Early experiments with AI coding assistants often stall for the same reason: "God Prompts". Large markdown files describing architecture, style guides, deployment steps, and coding conventions are loaded into every prompt. The assumption is that more information would lead to better answers. In practice, this approach produces the opposite result. Using LLMs becomes slower and less precise compared to traditional development and the LLMs themselves are still prone to hallucination. However, Claude Code's evolution reflects a recognition that context management is a first-class engineering problem. Rather than treating the model as a passive recipient of everything the repository contains, Claude Code introduces mechanisms that allow teams to decide when information should be visible and why.

The Early Baseline: CLAUDE.md

The original Claude Code workflow centered on a single file: CLAUDE.md. This file functioned as a persistent memory layer, containing everything the assistant should know about the repository: coding standards, architectural patterns, commands, and conventions. This approach works well for small projects, but it does not scale.

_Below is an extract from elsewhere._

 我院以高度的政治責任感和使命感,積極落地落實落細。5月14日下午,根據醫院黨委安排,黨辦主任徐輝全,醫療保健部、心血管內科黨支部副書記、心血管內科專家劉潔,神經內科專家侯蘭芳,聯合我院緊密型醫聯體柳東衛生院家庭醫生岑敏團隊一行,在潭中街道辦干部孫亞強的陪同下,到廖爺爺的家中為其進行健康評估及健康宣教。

Every interaction loads the entire file, regardless of relevance. For instance, linting rules influenced design discussions, deployment notes appeared during test writing, and over time, the model's output became less aligned with developer intent. The model is unable to determine when to prioritize its breadth of instruction contained in the CLAUDE.md file. Static global context creates unintended coupling between unrelated tasks.

Slash Commands as Explicit Context Gates

Slash commands were the first meaningful step toward solving this problem. Instead of loading everything up front, teams can store prompts as discrete files and invoke them intentionally. A /commit command can load commit message formatting rules. A /pr command can load pull request templates and review heuristics. A /test command can focus the model on affected files only. This makes Claude Code more predictable and more discrete in its use. Developers know exactly what information is being introduced and when. Slash commands prove to be highly composable, can be called from other commands, subagents, or even skills. In practice, slash commands are the most reliable primitive in Claude Code workflows. They are explicit, inspectable, and deterministic. Qualities that help operationalize and standardize AI output in a production process.

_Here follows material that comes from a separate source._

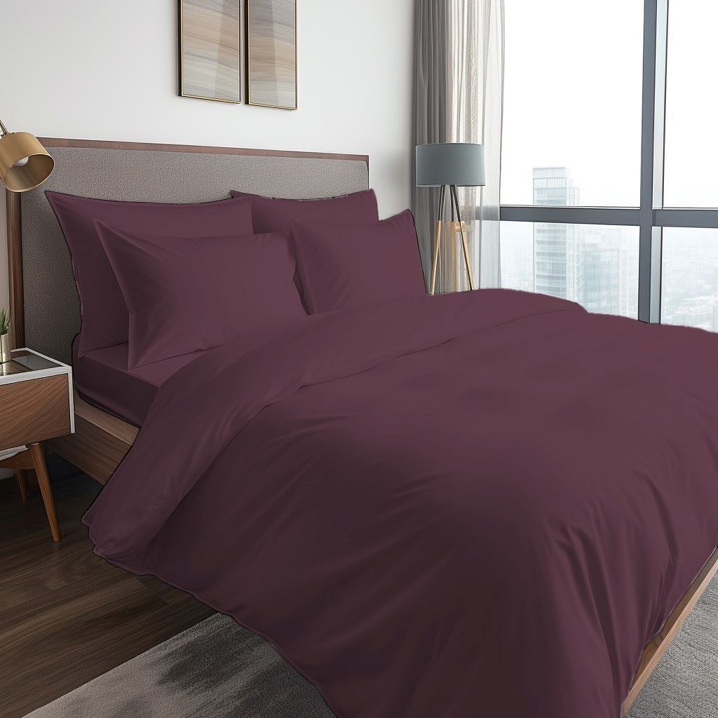 מצעים כותנה פרקל בורדו. בד מצעי הפרקל הינו עמיד ורך ומורכב 100% כותנה טבעית ובצפיפות גבוהה של כ- 200 חוטים באינץ.

A summary of slash commands used in our recent project

Subagents and Context Isolation

Subagents extend the same principle further. Rather than sharing a single context window, subagents operate in isolated environments where they can read files, analyze code, or generate plans, then return a summary before their internal state is discarded. This matters because many AI-assisted tasks are exploratory by nature and searching for patterns, scanning directories, or reasoning through alternatives can generate large amounts of intermediate output that is irrelevant once a decision is made. By isolating that work, subagents prevent exploratory reasoning from contaminating the main thread of development.

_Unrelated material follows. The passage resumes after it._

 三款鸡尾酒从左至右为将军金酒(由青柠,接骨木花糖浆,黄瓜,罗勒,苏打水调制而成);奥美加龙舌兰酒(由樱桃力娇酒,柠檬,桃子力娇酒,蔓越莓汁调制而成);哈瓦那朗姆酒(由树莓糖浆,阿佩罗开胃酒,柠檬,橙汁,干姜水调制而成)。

What 'Claude Code Skills' Were Intended to Solve

Claude Code Skills sit somewhere between slash commands and subagents. They are markdown files containing structured instructions, templates, and references that Claude can load automatically when it believes they are relevant to the current task. So instead of explicitly invoking a command, the model recognizes that a certain type of work is being requested through context and loads the appropriate procedural knowledge on its own. In theory, this enables more natural interactions. However in practice we found it introduces a new ambiguous variable that Claude Code can misinterpret.

When Skills Fall Short

Our initial attempts to use skills often focused on static rules around linting conventions, naming standards, or formatting guidelines, which seemed like obvious candidates for conditional loading. However, real-world use quickly reveals a limitation. Claude does not always load a skill simply because it exists and even when we think it should based on the given context. If the model believes it can complete a task without additional context, it may bypass the skill entirely. This inconsistency makes skills unreliable when used as passive rule containers. The problem is not that skills fail, it is that rules alone do not strongly signal intent for skill use.

Reframing Skills as Procedures

The turning point came when skills were treated not as rulebooks, but as procedural guides. Instead of encoding "how code should look," successful skills encode "how work should be done." One example discussed in our conversation was a skill created to manage Shortcut tickets. Rather than listing labels or naming conventions in isolation, the skill described:

How tickets are classified
What level of detail is required
How stories relate to epics and sprints
How templates should be applied
How metadata is inferred from context

When Claude was asked to create or update tickets, it consistently loaded the skill because the task aligned with the described procedure. When Claude was merely retrieving ticket data, the skill was sometimes skipped. This distinction matters, as skills work when they describe processes.

Reliability Through Redundancy

Because skill invocation is not guaranteed to happen automatically, teams quickly discovered that relying on Claude to "do the right thing" on its own was insufficient for production work. Instead, reliability emerged from layering explicit mechanisms on top of the more implicit ones. In practice, this means using slash commands to deliberately load a skill before performing a task, adding lightweight hooks that prompt Claude to reconsider available skills when a request is ambiguous, and designing skills that reference other documents or commands rather than duplicating logic internally. None of these solutions are particularly elegant as they introduce a degree of redundancy that feels unnecessary in theory. But in practice, that redundancy is what makes the use of Claude Code Skills usable. Sometimes when AI is embedded in a production workflow, conceptual purity matters far less than predictable behavior.

Measuring the Impact of Better Context Design

One of the most concrete outcomes discussed in the episode came from an informal comparison between two Claude Code setups:

A legacy configuration with large, monolithic documentation
A modular configuration using slash commands and procedural skills

The modular setup produced dramatic improvements:

Token usage dropped substantially
File reads decreased
Search time fell
Output became more focused and accurate

These gains were not merely about cost although cost reduction did follow. Smaller, more relevant context windows reduced hallucination and improved reasoning quality and Claude spent less time reconciling irrelevant information and more time executing the task at hand.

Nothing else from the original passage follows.